### [Listed entries]

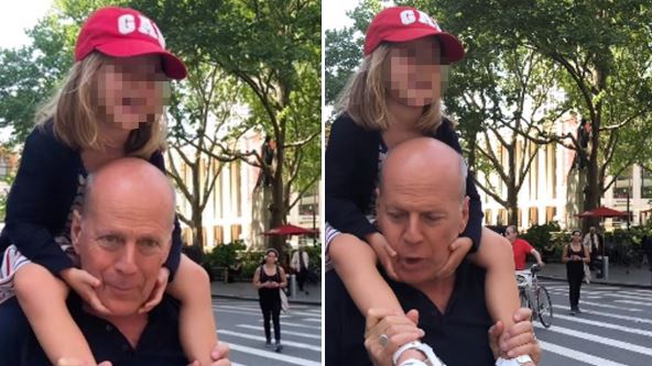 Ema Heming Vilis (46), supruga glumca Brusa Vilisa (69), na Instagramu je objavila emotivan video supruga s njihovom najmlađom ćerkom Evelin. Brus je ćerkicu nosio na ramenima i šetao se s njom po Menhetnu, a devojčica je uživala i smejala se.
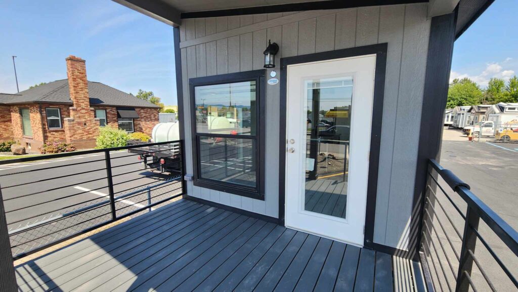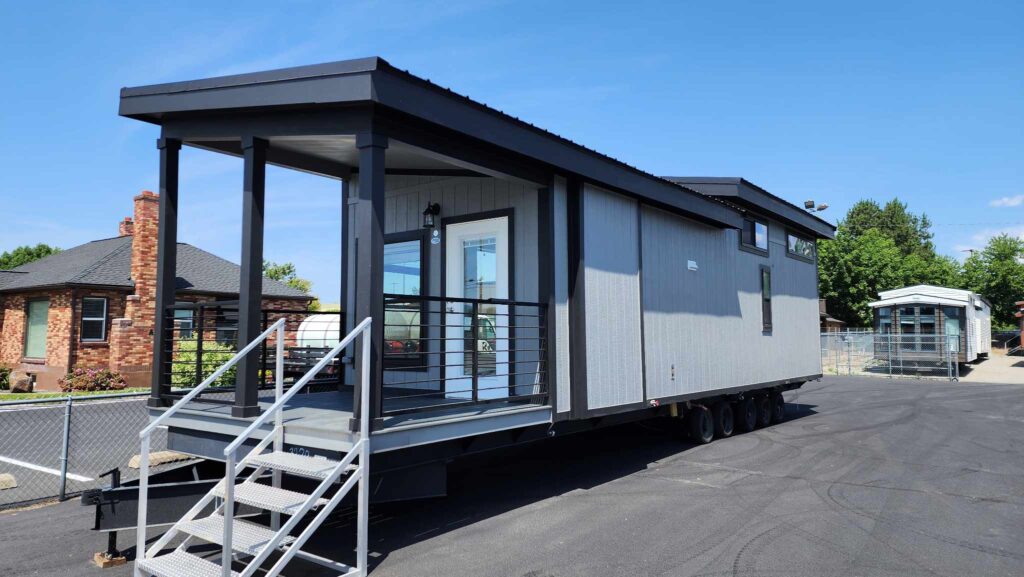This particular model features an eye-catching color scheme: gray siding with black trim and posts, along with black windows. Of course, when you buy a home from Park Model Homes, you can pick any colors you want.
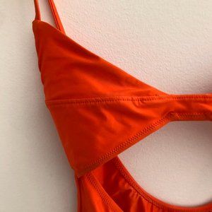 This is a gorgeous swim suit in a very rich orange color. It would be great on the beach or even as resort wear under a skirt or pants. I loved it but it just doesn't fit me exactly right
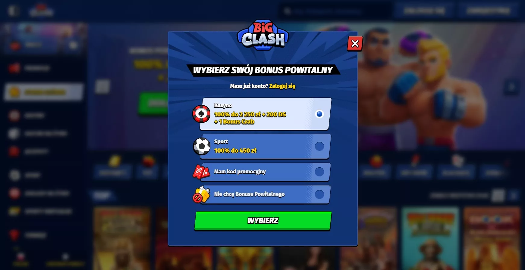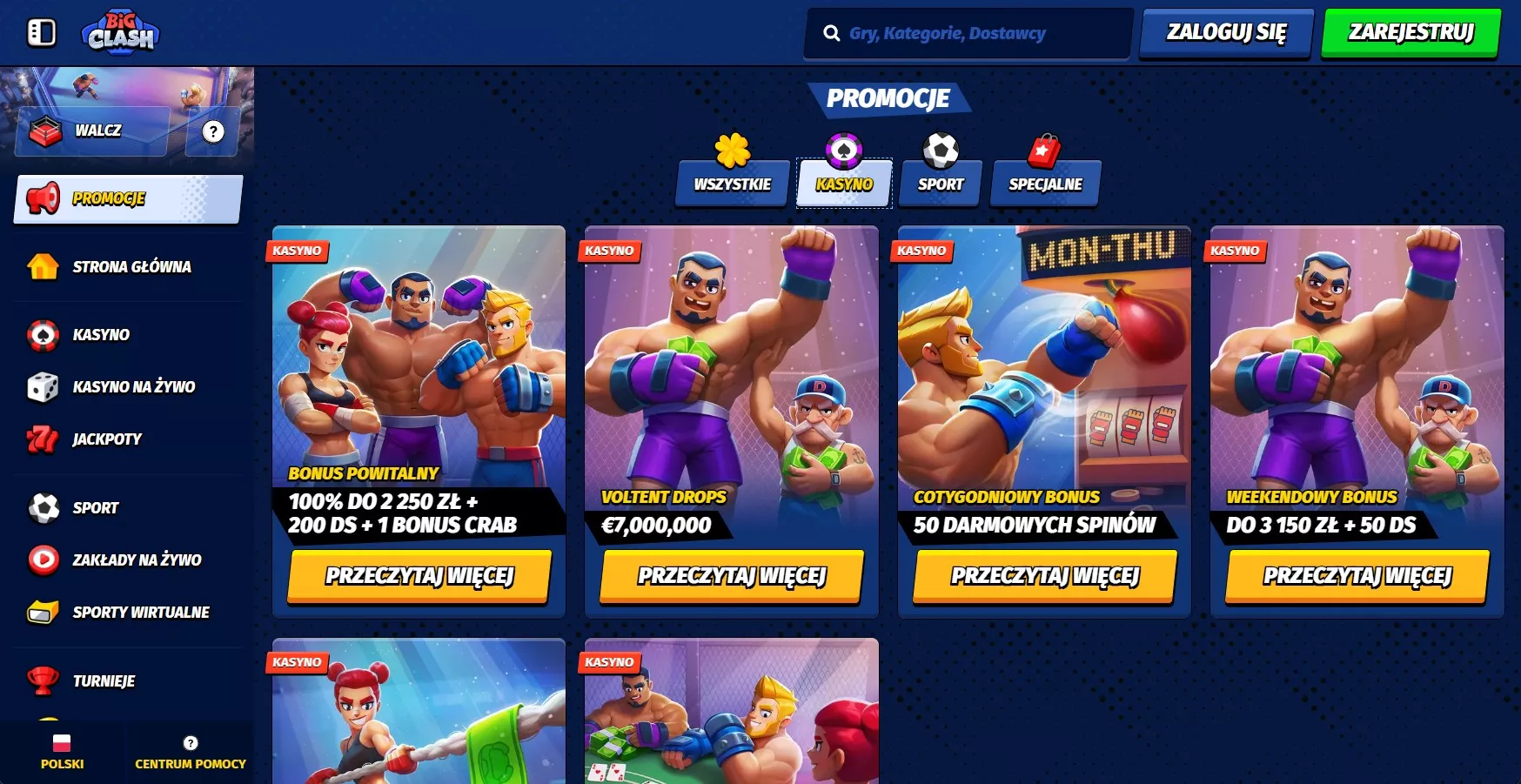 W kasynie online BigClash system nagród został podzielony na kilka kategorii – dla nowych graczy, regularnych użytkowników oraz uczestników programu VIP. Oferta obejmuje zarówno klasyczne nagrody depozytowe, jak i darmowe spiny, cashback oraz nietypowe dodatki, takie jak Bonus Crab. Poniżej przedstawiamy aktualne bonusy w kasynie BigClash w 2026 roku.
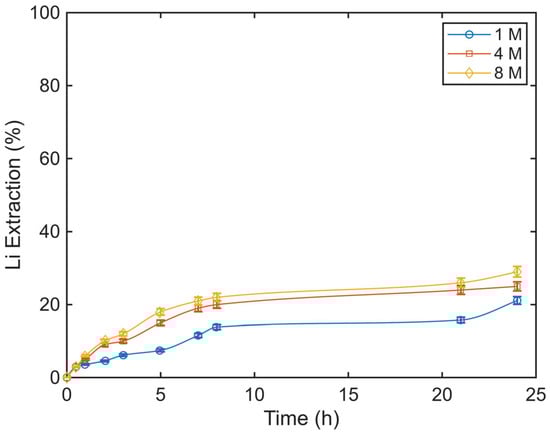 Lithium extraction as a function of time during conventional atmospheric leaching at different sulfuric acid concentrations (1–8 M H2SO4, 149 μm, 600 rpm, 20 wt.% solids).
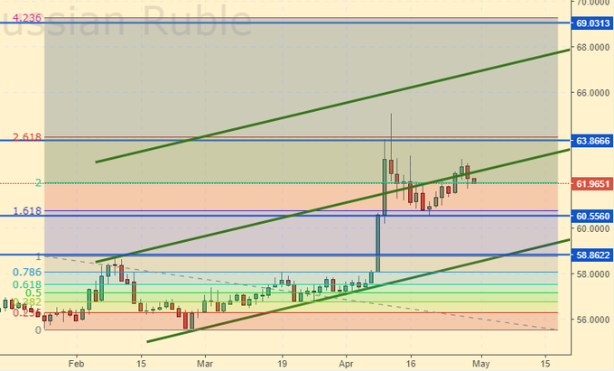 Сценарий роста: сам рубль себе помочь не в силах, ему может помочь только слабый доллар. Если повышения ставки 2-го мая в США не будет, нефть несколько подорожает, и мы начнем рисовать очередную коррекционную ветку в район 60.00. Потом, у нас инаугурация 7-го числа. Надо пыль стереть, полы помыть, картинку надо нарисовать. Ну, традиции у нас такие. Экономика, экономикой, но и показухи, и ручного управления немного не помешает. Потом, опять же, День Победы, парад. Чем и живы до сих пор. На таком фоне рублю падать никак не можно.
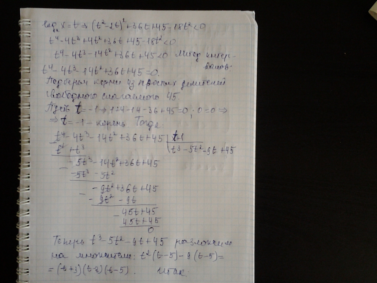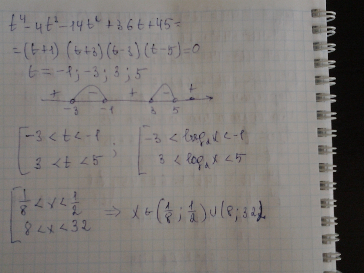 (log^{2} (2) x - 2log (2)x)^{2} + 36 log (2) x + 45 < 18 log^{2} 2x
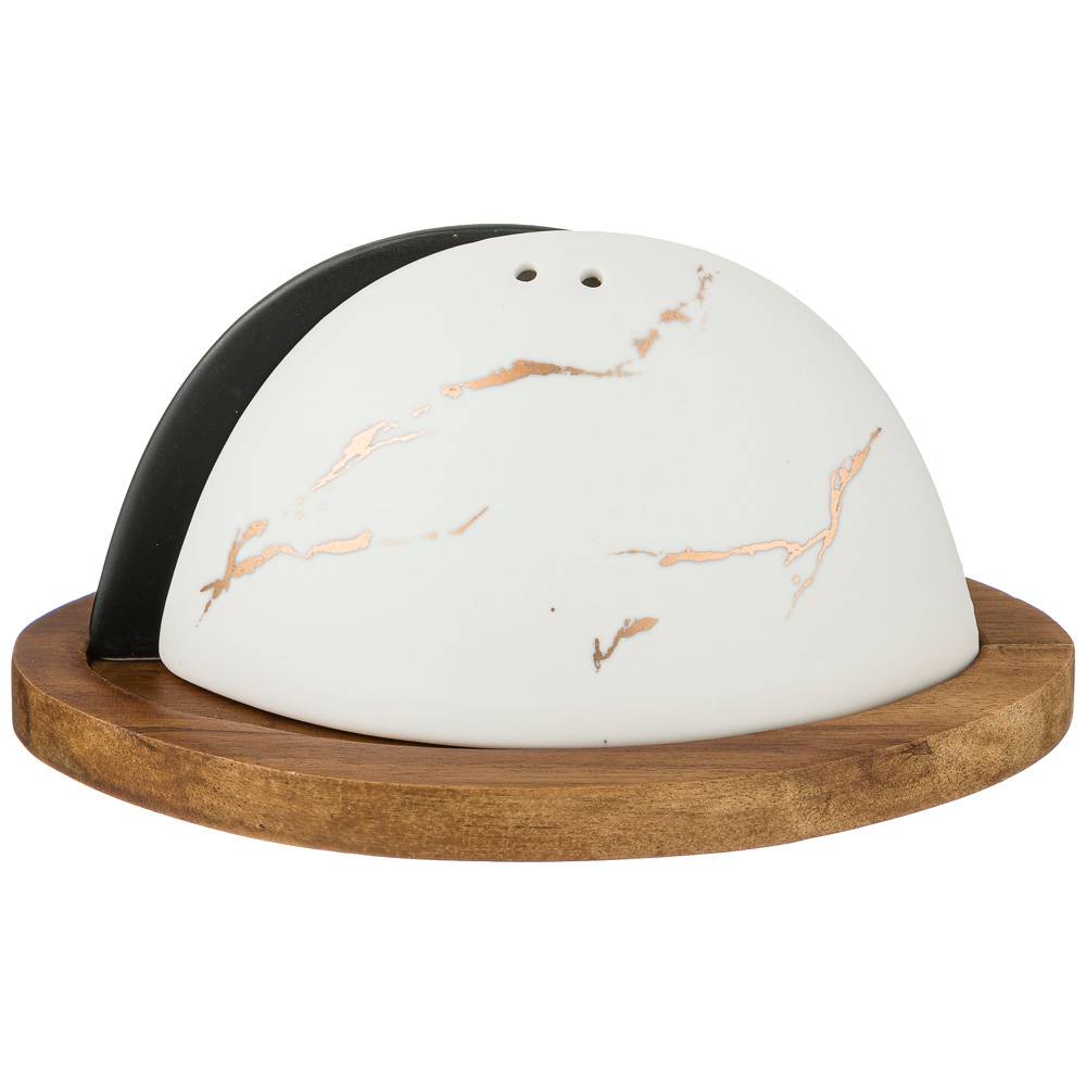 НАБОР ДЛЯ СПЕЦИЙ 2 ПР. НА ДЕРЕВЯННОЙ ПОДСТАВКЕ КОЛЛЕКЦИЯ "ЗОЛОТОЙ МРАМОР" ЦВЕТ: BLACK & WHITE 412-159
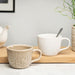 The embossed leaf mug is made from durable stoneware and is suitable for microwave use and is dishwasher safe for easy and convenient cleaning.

### [Task brief]
Starting with the first line of the material, print each line exactly until you have printed the line with "W kasynie online", and skip the pictures.

### [Finished exercise]
 Ema Heming Vilis (46), supruga glumca Brusa Vilisa (69), na Instagramu je objavila emotivan video supruga s njihovom najmlađom ćerkom Evelin. Brus je ćerkicu nosio na ramenima i šetao se s njom po Menhetnu, a devojčica je uživala i smejala se.
This particular model features an eye-catching color scheme: gray siding with black trim and posts, along with black windows. Of course, when you buy a home from Park Model Homes, you can pick any colors you want.
 This is a gorgeous swim suit in a very rich orange color. It would be great on the beach or even as resort wear under a skirt or pants. I loved it but it just doesn't fit me exactly right
 W kasynie online BigClash system nagród został podzielony na kilka kategorii – dla nowych graczy, regularnych użytkowników oraz uczestników programu VIP. Oferta obejmuje zarówno klasyczne nagrody depozytowe, jak i darmowe spiny, cashback oraz nietypowe dodatki, takie jak Bonus Crab. Poniżej przedstawiamy aktualne bonusy w kasynie BigClash w 2026 roku.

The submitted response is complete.